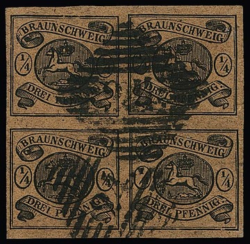 1/4 Ggr. schw./hellbraun, allseits breitrandiger Kabinett-Viererblock mit NS "24" (Holzminden). Seltene Einheit! Atteste Lange, Engel sowie sign. Szekula. Mi. 2500,-
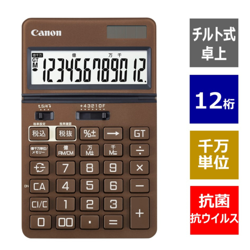 CANON(キヤノン) KS-1250TUV-BR ナチュラルブラウン 抗菌・抗ウイルス ビジネス電卓 12桁
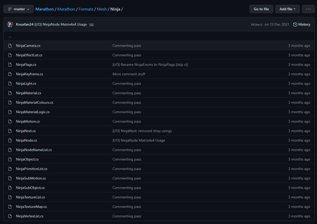 In December of 2021, I finally decided to have another shot at writing Ninja support into Marathon (as we’d since rebooted the project from scratch for a cleaner codebase). The Object stuff turned out to be mostly smooth sailing, with reference to Rad’s spec, the Kyozoress XTO and my old code. My focus this time was to keep the code manageable, and try and make the files Marathon saved more accurate (which lead to a lot of headaches and a game of whack-a-mole when it came to materials). As a result of this focus leading me to keep different parts of the library separate from one another… Well… Most formats in Marathon can be handled neatly in one file. Ninja? Ninja has…
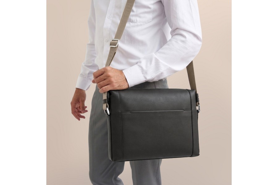 Con il suo design unisex, questa messenger dal formato compatto è bella e funzionale. La forma originale e le curve sinuose, insieme alla zip in metallo e ai raffinati accessori incisi, fanno di questa borsa un vero capolavoro di pelletteria. L’interno è rivestito in cotone pregiato e ospita scomparti per penne e smartphone, oltre a una tasca piatta con zip per gli oggetti indispensabili. Per un tocco unico, personalizza la borsa messenger con una bella incisione.
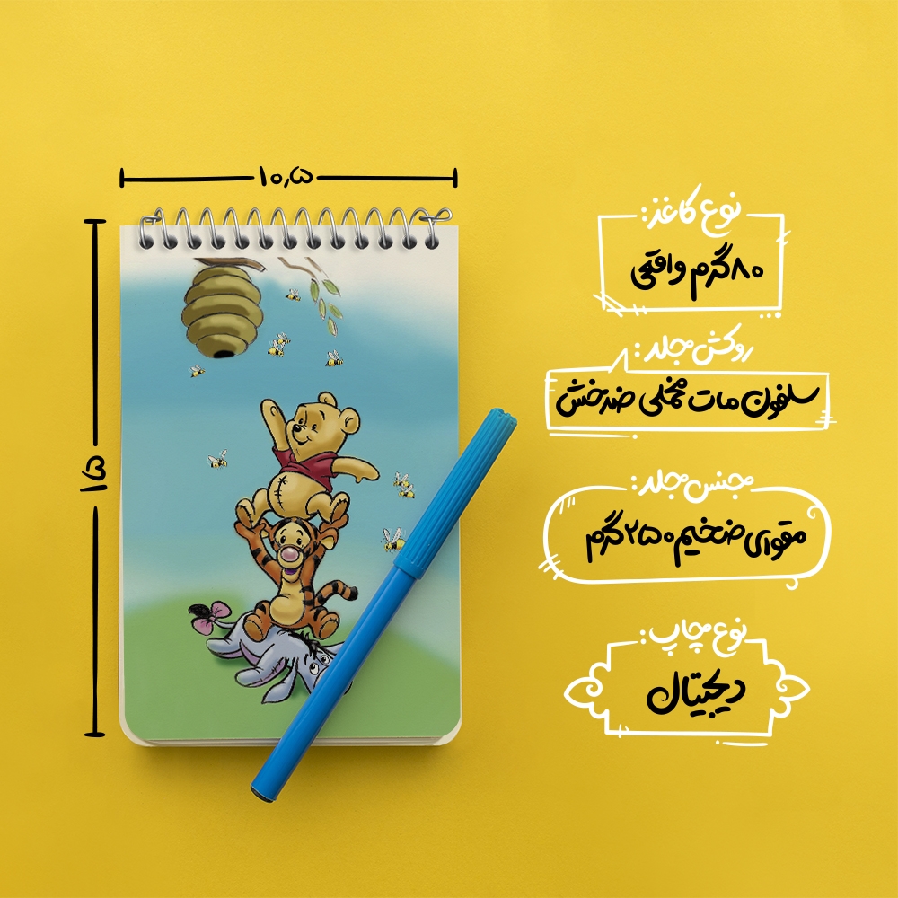 برند خندالو در زمینه تولید انواع دفاتر فانتزی و تحصیلی فعالیت میکند که به دلیل جذابیت ظاهری و طرح های متنوع طرفداران زیادی دارد. دفتر یادداشت خندالو طرح وینی پو محصولی مناسب برای همه عاشقان لوازم التحریر است و همچنین همه کسانی که بنا به موقعیت تحصیل یا شغلشان با دفتر و نوشت افزار زیاد سر و کار دارند. در تولید دفتر یادداشت خندالو طرح وینی پو از نوع صحافی فنر مارپیچ استفاده شده که در این نوع صحافی برگه‌ها به راحتی چرخیده و یا بیرون آورده می شوند.
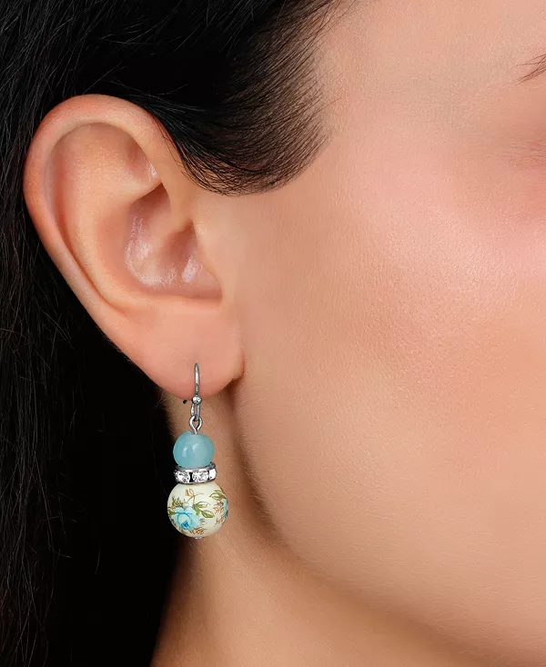 Эти изящные серьги-подвески украшены круглыми синими розами и виноградной лозой, украшенными мерцающими кристаллами. Дизайн дополняют сияющие стеклянные бусины цвета морской волны, которые придают мягкость и элегантность. Идеальный аксессуар, который добавит романтическую нотку, вдохновленную природой, любому образу.
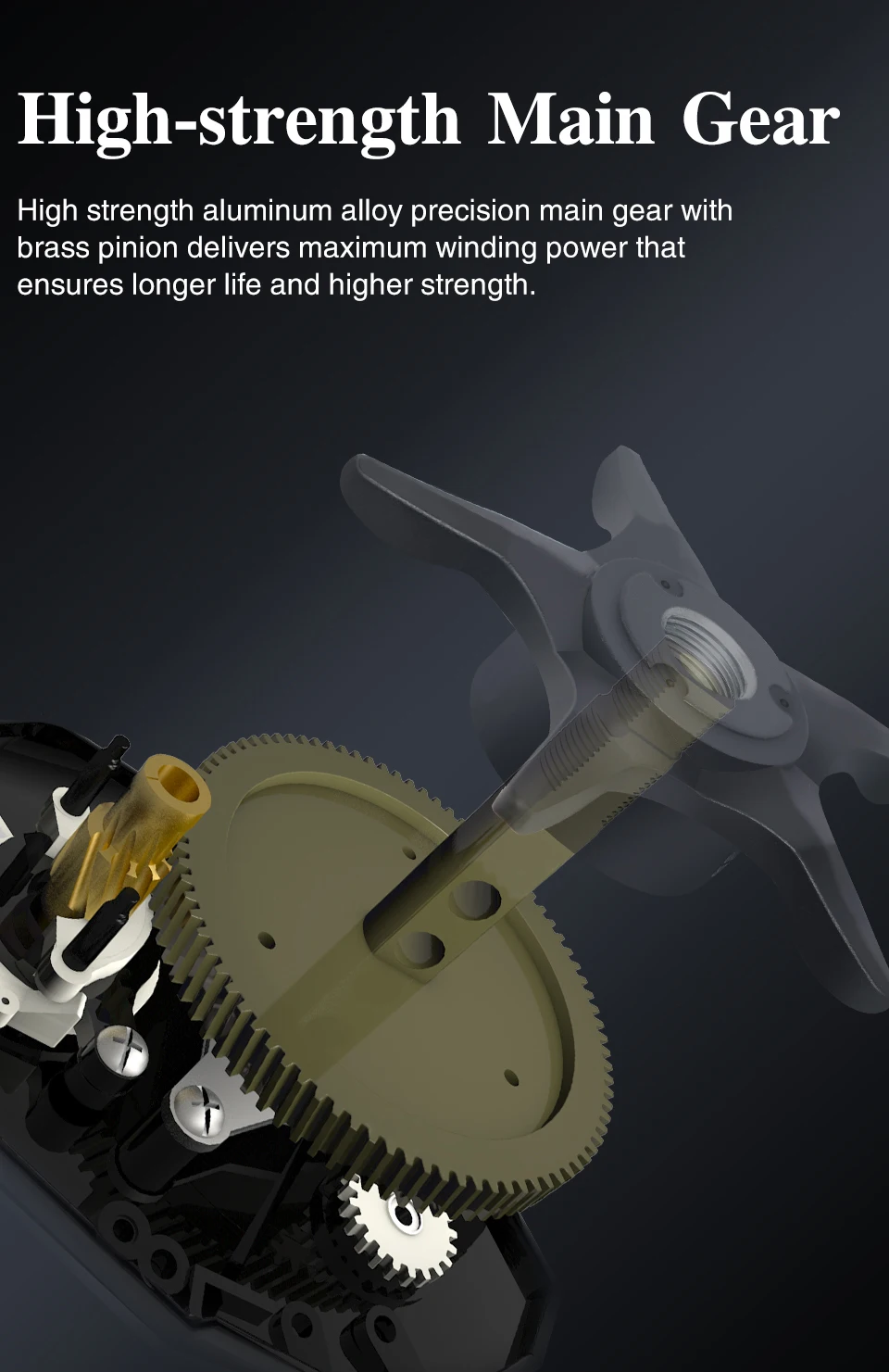 El engranaje principal de precisión de aleación de aluminio de alta resistencia con piñón de latón ofrece la máxima potencia de bobinado que garantiza una vida útil más larga y una mayor resistencia.
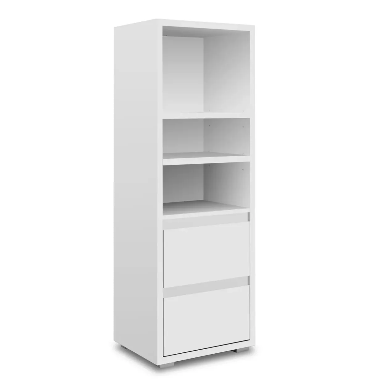 Ein modernes Design zeichnet das Image Regal aus, das durch seine klare Linienführung und stilvolle Farbgebung besticht. In einer Mischung aus weiß matt und alufarben fügt es sich harmonisch in jede zeitgemäße Inneneinrichtung ein. Die Kombination aus Holzwerkstoff und Kunststoff sorgt für Stabilität und Langlebigkeit, während das 4-Fußgestell dem Regal eine solide Basis verleiht.
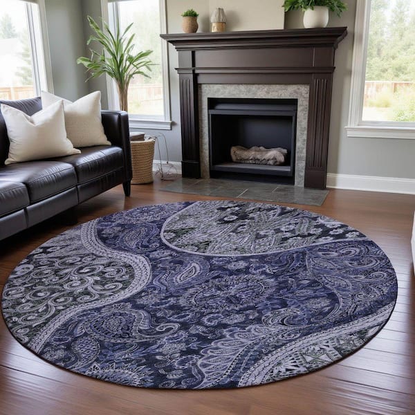 Mayfield Premium Machine Washable Abstract AMF1078 Navy 8 ft. x 8 ft. Round Rug
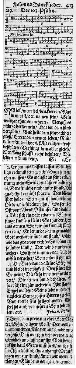 - ^ "Nun lob, mein Seel, den Herren". hymnary.org. Retrieved 27 December 2013.
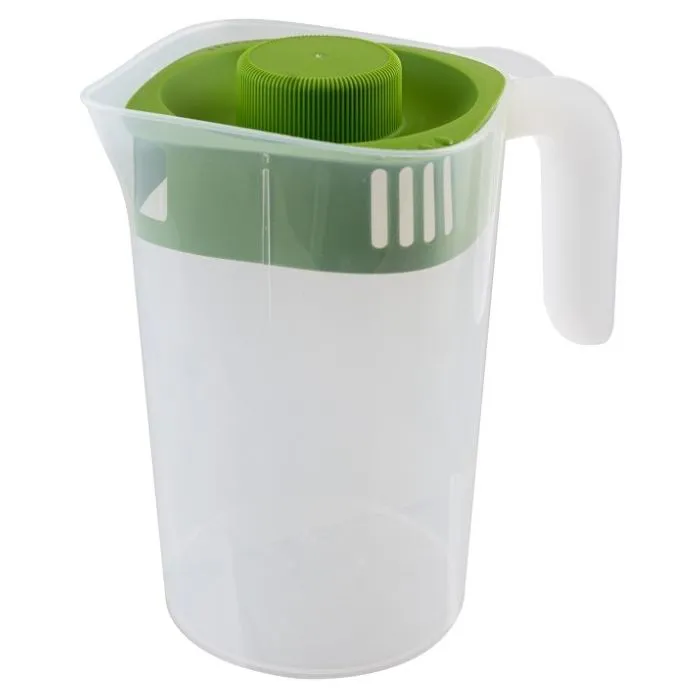 Кувшин оснащён удобной широкой ручкой из белого пластика, которая обеспечивает надёжный и комфортный захват даже мокрыми руками. Зелёная крышка с центральным рифлёным элементом легко открывается и закрывается, надёжно защищая содержимое от пыли и проливания. Специальный носик для наливания позволяет аккуратно разливать напитки без капель и подтёков.
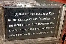 By the late 18th century, most of the southern region of India had been conquered by the British and Madras was established as the capital of the Madras Presidency.[21] During this period, the port flourished under the British rule, becoming an important naval base and urban center. A port at Madras was first suggested by Warren Hastings in 1770 when he was posted here, who later became the first Governor General of India.[8][22] However, it was not until the 1850s that work began on a pier to berth vessels following suggestions from the Madras Chamber of Commerce and Industry. Till 1815, it was an open roadstead and exposed sandy coast, swept by occasional storms and monsoons. At the time, the natural harbour was so shallow that ships had to anchor over 1 km (0.62 mi) offshore, and cargo was delivered to and from the shore in masula boats[23][24] and catamarans.[25] Cargo losses were high, close to 90 percent, in addition to pilfering with several goods from the ships often taken to the nearby evening bazaar.[8] A 335 m (1,099 ft) iron-screw pile pier capable of berthing larger vessels was built perpendicular to the shore in 1861.[26] However, the storms of 1868 and 1872 made the initial piers inoperative. In 1875, Edward VII laid the foundation stone for a new port,[8] and the masonry work for L-shaped breakwaters was started in 1876. The northern and southern groynes of the harbour were constructed, to create a still water enclosure that would be unaffected by storm and surf water. However, the groynes collapsed in 1877. The same year, construction of the south pier was commenced with concrete blocks weighing 33 tonnes each brought from Pallavaram,[8] and the port started handling ships inside the harbour from 1881. However, again the storm of 12 November 1881 completely washed the almost-completed harbour, breaching over half a mile of breakwater.[26] An artificial harbour was then built and the operations were started in 1881, and the pier was rebuilt in 1885, although there was a demand for relocating the entrance. Work on the harbour was completed in 1911.[22] The Chennai Port Trust has taken the year 1881, the year of rebuilding, as the starting year. The cargo operations were carried out on the northern pier, located on the northeastern side of Fort St. George in Chennai. In the first couple of years the port registered traffic of 300,000 tonnes of cargo handling 600 ships. The first railway line in South India was laid between Madras and Arcot which started operating in 1856. By the late 19th century, the port was well connected to the other two important cities in the British colony, viz. Bombay (Mumbai) and Calcutta (Kolkata).[27] In 1904, a new northeastern entrance was added to control siltation in the basin, after closing the original eastern entrance. The port's quays (berths) were constructed at different periods—the South Quay I in 1913, the five west quay berths between 1916 and 1920, the north quay in 1931 and the South Quay II in 1936, in the Inner Harbour, later christened Dr. Ambedkar Dock.[26] Chennai was the only Indian city to be attacked by the Central Powers during World War I[28] when a German cruiser, SMS Emden, shelled the oil depot within the port belonging to the Burmah Oil Company and raided vessels in 1914 disrupting trade, resulting in the death of at least 5 sailors.[8] Other than Calcutta, which was practically taken over by the American army,[29] Chennai port was the only other operational one in eastern waters during the Second World War.[25] In 1911, the Royal Madras Yacht Club (RMYC), which is based within the Chennai Port premises, was founded by Sir Francis Joseph Edward Spring, the first chairman on the Madras Port Trust who was responsible for Chennai becoming a trading hub, especially during World War II.[22][25] In 1916, the harbour office building was constructed.[26]

**Problem description:** The lines to copy exactly start with the line above that has "برند خندالو در" and go on through the line that has "Эти изящные серьги-подвески"; please include both, add nothing else, and omit the pictures.

**Result of this exercise:**
 برند خندالو در زمینه تولید انواع دفاتر فانتزی و تحصیلی فعالیت میکند که به دلیل جذابیت ظاهری و طرح های متنوع طرفداران زیادی دارد. دفتر یادداشت خندالو طرح وینی پو محصولی مناسب برای همه عاشقان لوازم التحریر است و همچنین همه کسانی که بنا به موقعیت تحصیل یا شغلشان با دفتر و نوشت افزار زیاد سر و کار دارند. در تولید دفتر یادداشت خندالو طرح وینی پو از نوع صحافی فنر مارپیچ استفاده شده که در این نوع صحافی برگه‌ها به راحتی چرخیده و یا بیرون آورده می شوند.
 Эти изящные серьги-подвески украшены круглыми синими розами и виноградной лозой, украшенными мерцающими кристаллами. Дизайн дополняют сияющие стеклянные бусины цвета морской волны, которые придают мягкость и элегантность. Идеальный аксессуар, который добавит романтическую нотку, вдохновленную природой, любому образу.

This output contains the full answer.